Зимой мы строили снежные крепости, и я руководила кампанией в ранге генерала: рисовала карты и отмечала стрелками наши стратегические планы, наступления и отступления. Мы вели войны наших ирландских дедов — противоборство оранжевых и зеленых. Мы носили оранжевое, но понятия не имели, что оно значит: просто мундиры у нас такие. Когда битвы приедались, я объявляла перемирие и шла в гости к моей подруге Стефани. Она выздоравливала от болезни, недоступной моему разумению, — лейкемии или чего-то наподобие. Стефани была старше меня — ей было, наверно, лет двенадцать, а мне восемь. В сущности, мне было особенно нечего ей сказать, и я вряд ли скрашивала ее жизнь, но было видно, что мое общество доставляло Стефани огромную радость. Ее старшая сестра вешала сушиться мою промокшую одежду и приносила нам какао с крекерами на подносе. Стефани откидывалась на гору подушек, а я плела всякие байки и читала ее комиксы. Если честно, то, наверно, я дружила со Стефани не по доброте душевной — мне просто хотелось полюбоваться ее богатствами. Я завороженно глазела на ее собрание комиксов: огромные штабеля, компенсация за целое детство, проведенное в четырех стенах. У нее были все выпуски «Супермена», «Крошки Лулу», «Классических комиксов» и «Дома загадок». В старой коробке от сигар Стефани хранила полный набор талисманов за 1953 год: рулетка, пишущая машинка, конькобежец, красный Пегас — логотип «Эксон мобил», Эйфелева башня, балетные пуанты, брелки в форме всех сорока восьми материковых штатов США. Я могла играть ими бесконечно. Если у Стефани появлялся дубль какого-нибудь талисмана, она его мне дарила.

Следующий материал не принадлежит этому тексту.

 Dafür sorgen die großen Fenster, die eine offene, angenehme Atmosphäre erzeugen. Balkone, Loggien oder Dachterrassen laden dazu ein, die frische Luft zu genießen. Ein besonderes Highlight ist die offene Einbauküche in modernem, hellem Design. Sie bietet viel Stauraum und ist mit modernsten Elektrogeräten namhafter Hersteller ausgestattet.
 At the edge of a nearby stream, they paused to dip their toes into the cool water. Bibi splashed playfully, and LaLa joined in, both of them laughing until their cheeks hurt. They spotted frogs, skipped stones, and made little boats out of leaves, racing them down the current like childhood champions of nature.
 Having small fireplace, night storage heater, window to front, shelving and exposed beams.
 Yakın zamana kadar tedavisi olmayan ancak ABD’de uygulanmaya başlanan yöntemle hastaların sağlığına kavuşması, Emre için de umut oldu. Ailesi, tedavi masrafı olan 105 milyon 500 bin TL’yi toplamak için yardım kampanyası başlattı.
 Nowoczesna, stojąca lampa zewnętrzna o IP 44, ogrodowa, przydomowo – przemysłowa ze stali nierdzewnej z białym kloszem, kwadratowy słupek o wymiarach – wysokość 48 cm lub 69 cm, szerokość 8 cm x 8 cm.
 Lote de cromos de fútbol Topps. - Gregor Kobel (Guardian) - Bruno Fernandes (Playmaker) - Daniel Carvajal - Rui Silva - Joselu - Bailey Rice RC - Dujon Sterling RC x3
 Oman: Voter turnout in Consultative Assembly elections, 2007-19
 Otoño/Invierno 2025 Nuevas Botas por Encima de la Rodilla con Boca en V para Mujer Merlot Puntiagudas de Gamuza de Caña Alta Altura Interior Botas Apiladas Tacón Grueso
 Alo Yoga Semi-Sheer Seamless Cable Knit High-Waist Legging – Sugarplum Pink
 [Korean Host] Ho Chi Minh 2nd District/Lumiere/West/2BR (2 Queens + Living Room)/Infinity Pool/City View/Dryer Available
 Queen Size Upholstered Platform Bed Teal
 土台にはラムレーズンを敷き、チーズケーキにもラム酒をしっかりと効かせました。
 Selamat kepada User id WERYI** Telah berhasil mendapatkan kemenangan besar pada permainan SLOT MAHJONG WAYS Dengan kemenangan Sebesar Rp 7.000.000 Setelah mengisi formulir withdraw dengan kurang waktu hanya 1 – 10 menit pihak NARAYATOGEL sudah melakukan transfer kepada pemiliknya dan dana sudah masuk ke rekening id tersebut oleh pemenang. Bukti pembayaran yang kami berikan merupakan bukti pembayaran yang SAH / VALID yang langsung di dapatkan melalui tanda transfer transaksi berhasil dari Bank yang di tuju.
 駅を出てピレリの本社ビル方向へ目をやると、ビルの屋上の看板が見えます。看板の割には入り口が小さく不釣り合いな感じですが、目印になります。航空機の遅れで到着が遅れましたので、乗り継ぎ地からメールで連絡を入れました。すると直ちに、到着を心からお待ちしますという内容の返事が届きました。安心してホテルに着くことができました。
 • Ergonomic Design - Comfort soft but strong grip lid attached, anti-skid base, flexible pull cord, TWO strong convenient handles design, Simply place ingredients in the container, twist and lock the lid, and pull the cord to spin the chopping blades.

У меня был тайник под половицей около кровати. Там я хранила заначку — деньги, выигранные в шарики, а еще коллекцию вкладышей и предметы культа, спасенные из мусорных баков у домов католиков: выцветшие бумажные образки, обтрепанные скапулярии[7], гипсовых святых с обломанными пальцами и ступнями. Туда я прятала и принесенное от Стефани — смутно догадывалась, что не следует принимать подарки от больной. Но все-таки брала их и прятала, ощущая легкие угрызения совести.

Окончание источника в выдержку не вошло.